In Newman, the government presented evidence at trial that financial analysts obtained confidential earnings information from company insiders, then passed it along to defendants, tippee portfolio managers, who traded on the information. None of the evidence indicated the defendants knew the source of the information. At trial, the defendants argued the evidence that the insiders had tipped in exchange for a personal benefit was insufficient, and that, even if a benefit had been provided, they were unaware of it. The trial court instructed the jury that to find them guilty the defendants needed only to “have known that [the confidential information] was originally disclosed by the insider in violation of a duty of confidentiality.” Both defendants were convicted and appealed the verdict.
The Second Circuit reversed, holding the jury instructions were erroneous; there was insufficient evidence of any personal benefit to the insiders, and no evidence the tippees knew about any such benefit. The court rejected the government’s argument the tippees could be found guilty even without knowing the tipper had received a personal benefit. Following the U.S. Supreme Court case of Dirks v. SEC, 463 U.S. 646, 662 (1983), which held that a corporate insider breaches his fiduciary duty only when he personally will benefit from his confidential disclosure, the Second Circuit here held, “[f]or purposes of insider trading liability, the insider’s disclosure of confidential information, standing alone, is not a breach. Thus, without establishing that the tippee knows of the personal benefit received by the insider in exchange for the disclosure, the Government cannot meet its burden of showing that the tippee knows of a breach.”
The court order, declining reconsideration, reaffirms the heavier evidentiary burden imposed on insider trading prosecutions in the Second Circuit and has broader applications as well. In the wake ofNewman, several convicted defendants have petitioned for reversal of their own insider trading convictions and other dismissals. Following last week’s order, applications may well increase, and the number of insider trading prosecutions are expected to drop, especially where the subjects of U.S. Department of Justice investigations are downstream tippees (as in Newman). The ruling also may be instructive in the enforcement of the STOCK Act, under which members of Congress and employees of Congress are subject to insider trading proscriptions. No doubt the U.S. Securities and Exchange Commission will continue to turn to administrative proceedings, rather than federal district court, as its preferred forum for insider trading and other securities fraud cases. Absent a petition to the Supreme Court for review, the Justice Department may seek to prevail on Congress to enact a statute that would set forth the express elements of criminal insider trading.

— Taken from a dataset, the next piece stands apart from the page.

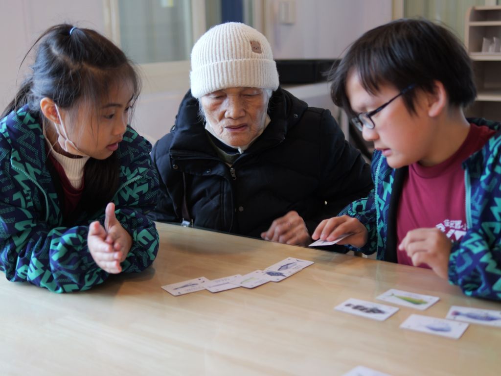 當失智長者與孩子肩並肩坐在海邊,課堂也不再只存在於教室裡。3月12日,門諾基金會與花蓮縣秀林鄉佳民國小合作的「老幼共學」課程首度走出校園,帶著三位新城失智據點長者與全校約70名師生前往「洄遊吧」食魚體驗館,展開一場跨越近80歲年齡差距的海岸探索之旅,讓跨世代學習延伸到真實的海洋場域。

Finally, the order preserves an important check on prosecutorial power. At least in the Second Circuit — and likely in other jurisdictions — the government will be required to prove criminal knowledge as an element of insider trading. Tippees will not be prosecuted for merely trading on inside information when they are unaware of a personal benefit to the insider; rather, the government must prove beyond a reasonable doubt they were aware of an insider’s breach of a fiduciary duty and personal benefit.